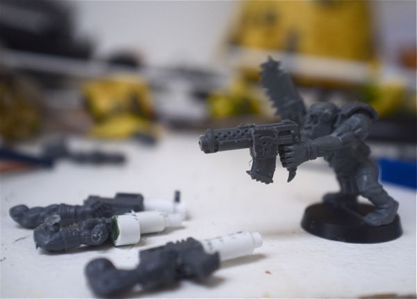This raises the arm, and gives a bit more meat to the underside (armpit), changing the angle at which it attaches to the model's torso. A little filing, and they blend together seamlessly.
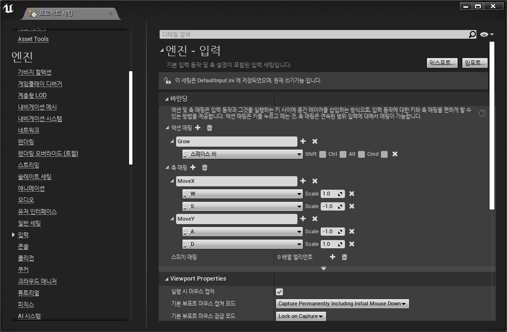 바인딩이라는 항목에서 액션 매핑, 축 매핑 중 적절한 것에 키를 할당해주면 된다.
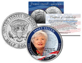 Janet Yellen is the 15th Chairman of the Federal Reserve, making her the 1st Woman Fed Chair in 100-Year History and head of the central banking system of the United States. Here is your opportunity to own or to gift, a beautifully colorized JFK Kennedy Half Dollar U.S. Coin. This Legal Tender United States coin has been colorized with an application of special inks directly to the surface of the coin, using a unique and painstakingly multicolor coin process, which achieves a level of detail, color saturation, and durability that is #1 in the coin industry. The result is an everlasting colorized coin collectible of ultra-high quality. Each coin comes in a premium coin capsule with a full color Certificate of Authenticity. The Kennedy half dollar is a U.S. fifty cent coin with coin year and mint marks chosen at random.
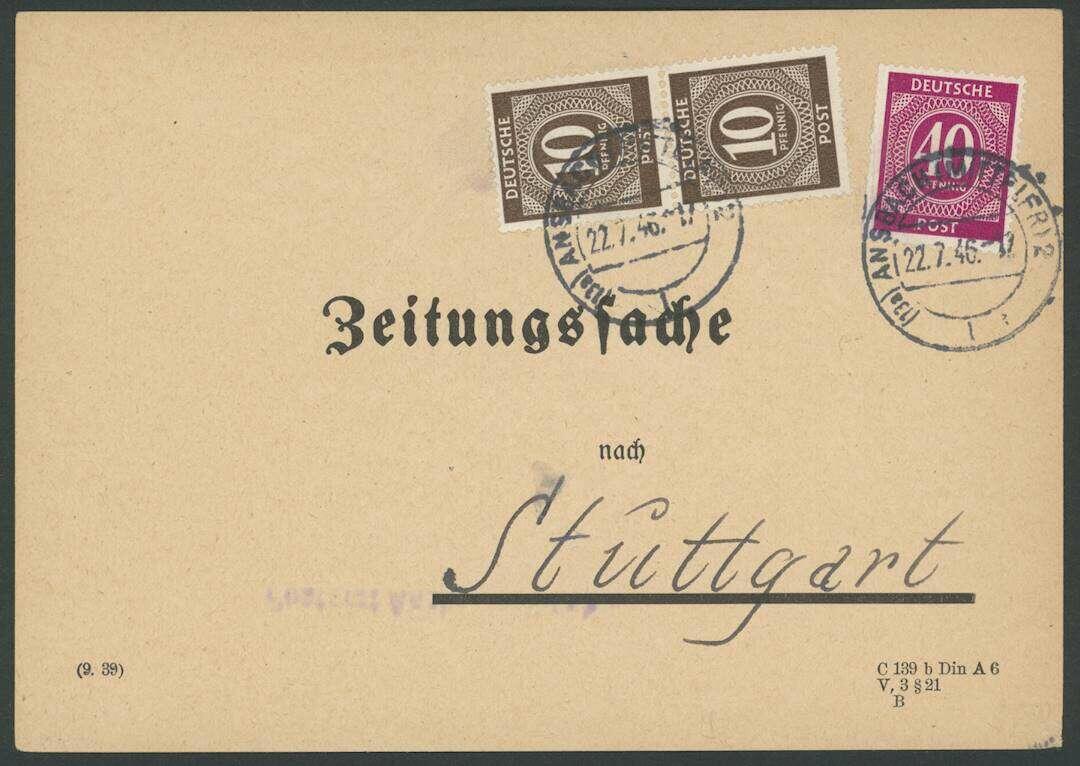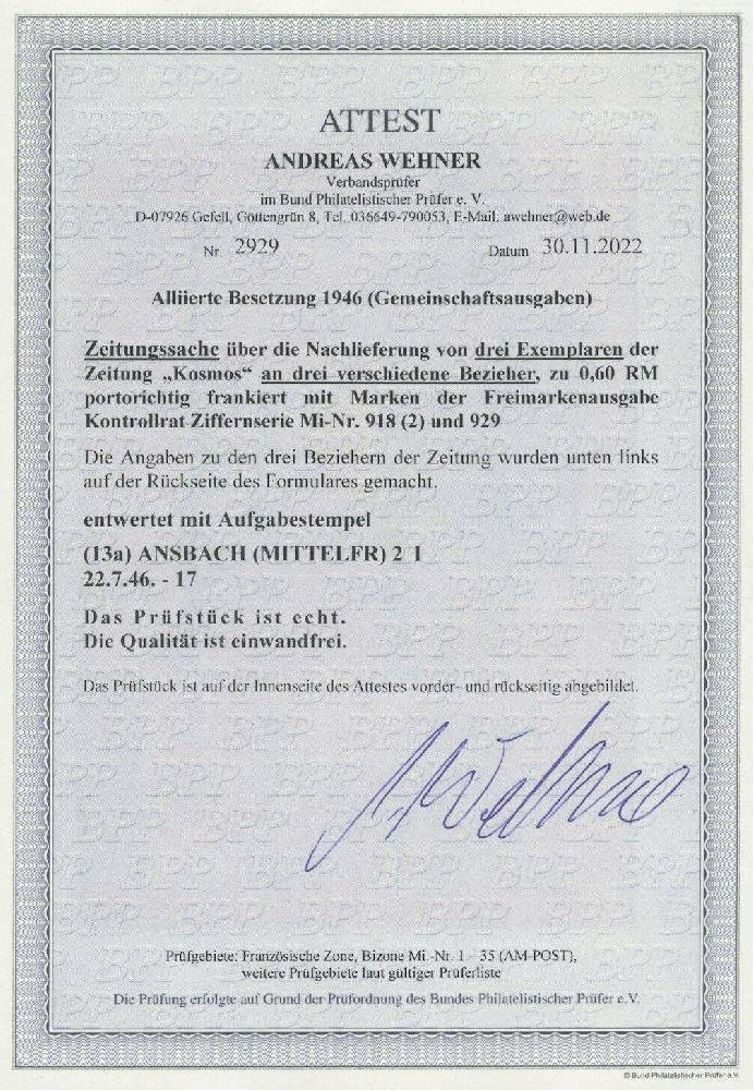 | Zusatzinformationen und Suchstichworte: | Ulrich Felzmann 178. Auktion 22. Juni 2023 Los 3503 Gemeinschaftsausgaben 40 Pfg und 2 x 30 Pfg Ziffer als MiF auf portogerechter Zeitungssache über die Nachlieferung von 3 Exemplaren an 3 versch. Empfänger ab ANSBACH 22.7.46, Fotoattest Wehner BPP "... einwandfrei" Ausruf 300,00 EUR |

┄┄┄┄┄┄┄┄┄┄┄┄┄┄┄┄┄┄┄┄

■ Problem requirements
Go through the listing above and retype it exactly, skipping every picture.

■ The answer
This raises the arm, and gives a bit more meat to the underside (armpit), changing the angle at which it attaches to the model's torso. A little filing, and they blend together seamlessly.
 바인딩이라는 항목에서 액션 매핑, 축 매핑 중 적절한 것에 키를 할당해주면 된다.
 Janet Yellen is the 15th Chairman of the Federal Reserve, making her the 1st Woman Fed Chair in 100-Year History and head of the central banking system of the United States. Here is your opportunity to own or to gift, a beautifully colorized JFK Kennedy Half Dollar U.S. Coin. This Legal Tender United States coin has been colorized with an application of special inks directly to the surface of the coin, using a unique and painstakingly multicolor coin process, which achieves a level of detail, color saturation, and durability that is #1 in the coin industry. The result is an everlasting colorized coin collectible of ultra-high quality. Each coin comes in a premium coin capsule with a full color Certificate of Authenticity. The Kennedy half dollar is a U.S. fifty cent coin with coin year and mint marks chosen at random.
 | Zusatzinformationen und Suchstichworte: | Ulrich Felzmann 178. Auktion 22. Juni 2023 Los 3503 Gemeinschaftsausgaben 40 Pfg und 2 x 30 Pfg Ziffer als MiF auf portogerechter Zeitungssache über die Nachlieferung von 3 Exemplaren an 3 versch. Empfänger ab ANSBACH 22.7.46, Fotoattest Wehner BPP "... einwandfrei" Ausruf 300,00 EUR |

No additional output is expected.